_TASK PROMPT_.
You are asked to copy the entire listing exactly, apart from its pictures.

_EXERCISE DATA_.
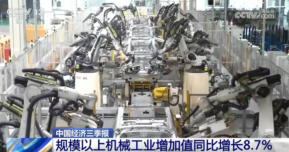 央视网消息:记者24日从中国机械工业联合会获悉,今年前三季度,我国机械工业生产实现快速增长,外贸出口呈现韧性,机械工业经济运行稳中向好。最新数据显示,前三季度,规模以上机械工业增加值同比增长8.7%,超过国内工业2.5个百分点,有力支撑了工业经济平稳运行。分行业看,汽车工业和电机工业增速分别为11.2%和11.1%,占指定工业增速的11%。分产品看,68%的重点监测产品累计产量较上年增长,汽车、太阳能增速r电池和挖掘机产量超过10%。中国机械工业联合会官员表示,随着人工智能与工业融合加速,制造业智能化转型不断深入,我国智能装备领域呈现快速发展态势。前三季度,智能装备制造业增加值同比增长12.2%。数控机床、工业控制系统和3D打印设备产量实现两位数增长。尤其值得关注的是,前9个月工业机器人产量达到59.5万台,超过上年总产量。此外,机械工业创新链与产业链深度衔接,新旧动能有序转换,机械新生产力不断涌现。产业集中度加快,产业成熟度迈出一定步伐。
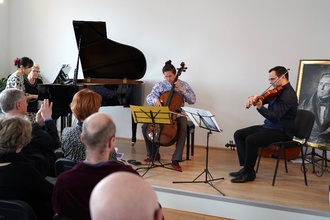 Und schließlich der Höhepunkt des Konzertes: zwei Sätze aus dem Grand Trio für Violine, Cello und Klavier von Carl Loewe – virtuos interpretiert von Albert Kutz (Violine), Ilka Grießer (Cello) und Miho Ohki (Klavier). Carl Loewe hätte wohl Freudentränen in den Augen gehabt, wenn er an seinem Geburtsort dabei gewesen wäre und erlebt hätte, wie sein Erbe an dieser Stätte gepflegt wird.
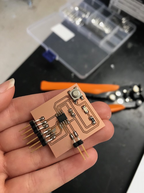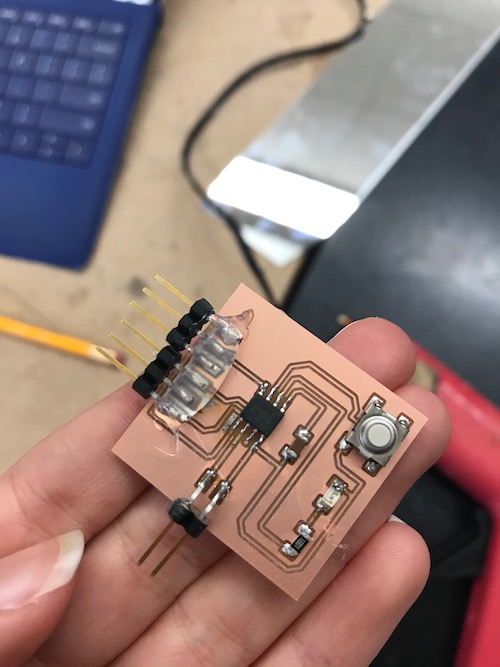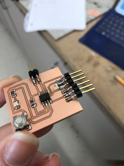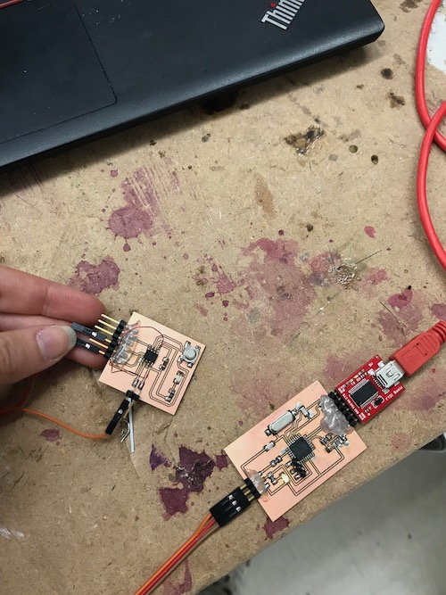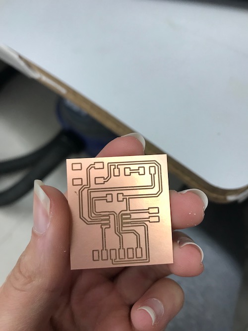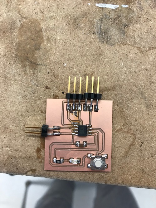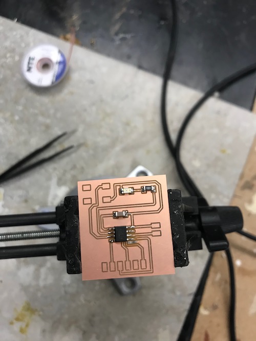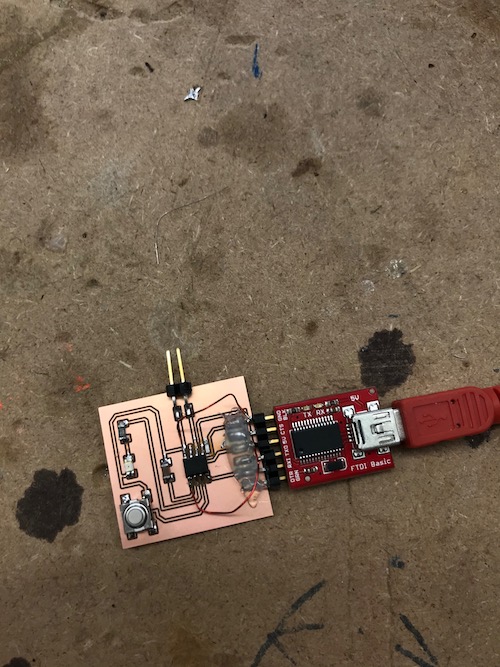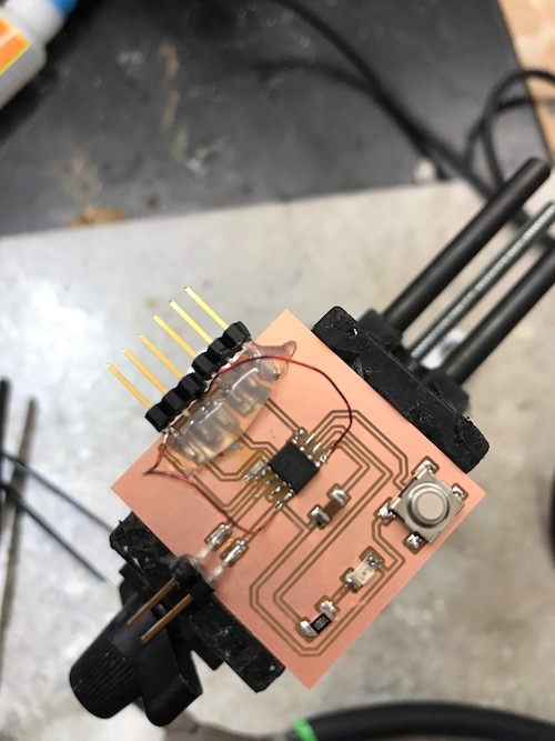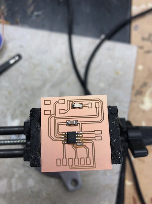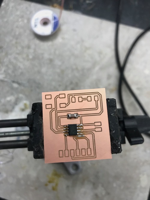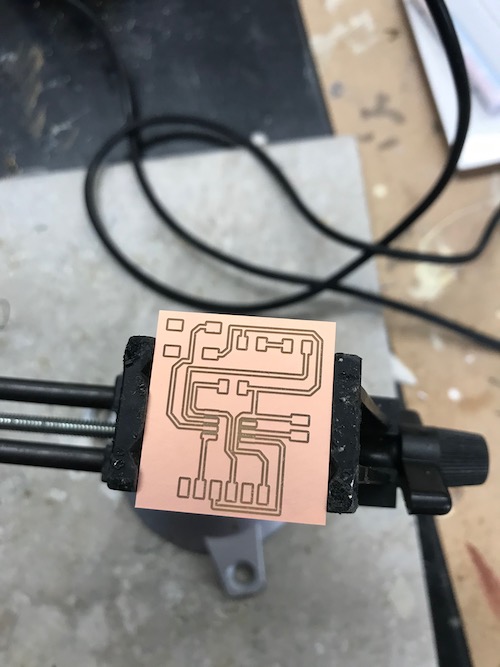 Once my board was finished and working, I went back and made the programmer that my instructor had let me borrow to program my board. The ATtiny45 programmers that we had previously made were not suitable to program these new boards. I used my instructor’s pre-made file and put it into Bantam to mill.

_SOLUTION TO THE PROBLEM_.
 央视网消息:记者24日从中国机械工业联合会获悉,今年前三季度,我国机械工业生产实现快速增长,外贸出口呈现韧性,机械工业经济运行稳中向好。最新数据显示,前三季度,规模以上机械工业增加值同比增长8.7%,超过国内工业2.5个百分点,有力支撑了工业经济平稳运行。分行业看,汽车工业和电机工业增速分别为11.2%和11.1%,占指定工业增速的11%。分产品看,68%的重点监测产品累计产量较上年增长,汽车、太阳能增速r电池和挖掘机产量超过10%。中国机械工业联合会官员表示,随着人工智能与工业融合加速,制造业智能化转型不断深入,我国智能装备领域呈现快速发展态势。前三季度,智能装备制造业增加值同比增长12.2%。数控机床、工业控制系统和3D打印设备产量实现两位数增长。尤其值得关注的是,前9个月工业机器人产量达到59.5万台,超过上年总产量。此外,机械工业创新链与产业链深度衔接,新旧动能有序转换,机械新生产力不断涌现。产业集中度加快,产业成熟度迈出一定步伐。
 Und schließlich der Höhepunkt des Konzertes: zwei Sätze aus dem Grand Trio für Violine, Cello und Klavier von Carl Loewe – virtuos interpretiert von Albert Kutz (Violine), Ilka Grießer (Cello) und Miho Ohki (Klavier). Carl Loewe hätte wohl Freudentränen in den Augen gehabt, wenn er an seinem Geburtsort dabei gewesen wäre und erlebt hätte, wie sein Erbe an dieser Stätte gepflegt wird.
 Once my board was finished and working, I went back and made the programmer that my instructor had let me borrow to program my board. The ATtiny45 programmers that we had previously made were not suitable to program these new boards. I used my instructor’s pre-made file and put it into Bantam to mill.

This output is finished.